Hey there, time traveller!
This article was published 18/7/2014 (1073 days ago), so information in it may no longer be current.
In the depths of a Winnipeg summer, citizens may be more concerned about whether their barbecues have enough propane than burning questions about the thick, black smoke emanating from a smouldering city hall.
This is unfortunate. In the dying months of the most ignominious council term since 1874, when Winnipeg chose a violent racist to be mayor, there's an opportunity to shine a light on the severe mismanagement and questionable decision-making that botched major projects, infected real estate deals and tarnished the reputation of the city.
The past five years have been a horror story. A brief list of some of the troublesome events makes the description "incompetence" seem insufficient.
Senior administrators were promoted without required qualifications. Property officials swapped away the Parker land without assessing or inspecting it. The city bought the former Canada Post building for $29.25 million without getting an independent appraisal.
Property officials tried to sell Parcel Four, one of downtown's last plots of land, to a single buyer without allowing anyone else to bid for it. The fire-paramedic service built a station on land the city doesn't own -- and then tried to obtain it for three properties that hadn't been declared surplus.
Fire-paramedic and police officials were handed real estate and project-management duties.
Favouritism appears to have been shown to a handful of private companies.
Policies were ignored and sometimes subverted outright in an effort to just get things done. Recommendations from earlier audits were ignored.
Officials lied, both actively and through omission, when questioned about some of the problems. Mayor Sam Katz denied any and all knowledge of anything that transpired -- including his own lobbying efforts to help his close friend Phil Sheegl, become the City of Winnipeg's chief administrative officer.
This information came to light through the efforts of the city auditor, the persistence of a handful of councillors, the courage of whistleblowers and the work of the media.
After it came to light, some members of council ignored it. A few tried to shoot the messengers. Some will face an angry electorate this fall, while others, such as Katz, have seen the writing on the wall and won't contest another election.

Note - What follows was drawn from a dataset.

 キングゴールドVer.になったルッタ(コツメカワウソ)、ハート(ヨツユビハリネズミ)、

But that won't help remove the rot of dysfunction, denial and cowardice from the offices in the administration building at city hall. Winnipeg won't be able to move on until officials who looked the other way and failed to speak up when superiors or colleagues were subverting policy leave this public service.
The majority of people employed by the city are decent, honourable, committed and hard-working. But some of the best in planning, real estate, public works and elsewhere quit during recent years.

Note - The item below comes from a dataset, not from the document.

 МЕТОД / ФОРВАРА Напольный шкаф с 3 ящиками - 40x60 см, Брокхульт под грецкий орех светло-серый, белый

Conversely, several who remain in important positions are in denial, insisting they did nothing wrong under the letter of the law. In the wake of three damning audits, nobody buys their explanations.
Cowardice is one thing. Covering one's own behind when you had the chance to speak up earlier is pathetic.
Now, with blood in the water, it's not just bureaucrats and councillors who should fear for their jobs.
Most of the mayoral candidates have been silent on the mess as they flit between cheesy photo ops while offering platitudes about changing the culture at city hall.
Premier Greg Selinger hasn't uttered a word about Winnipeg's troubles in recent weeks, abdicating his responsibility. Opposition Leader Brian Pallister has been almost as silent, save for a single, self-serving statement about the province setting a poor example for the city.
Winnipeg police Chief Devon Clunis also hasn't weighed in, though he certainly monitors media reports about his new $210-million headquarters, a project the city likely didn't even need.
Winnipeggers and Manitobans deserve better.
They deserve courage, not just from elected officials and public servants, but from community leaders who know this city will suffer for decades without a full examination of what's transpired.
The audits have been limited in scope. Reporters don't have the power to subpoena financial transactions or phone records. No one can compel reluctant parties to speak.
Only an inquiry or some other broad, official examination can close the book on this ugly chapter in our city's history.
Even if what we've already learned is the worst of what has happened, that's something citizens deserve to know.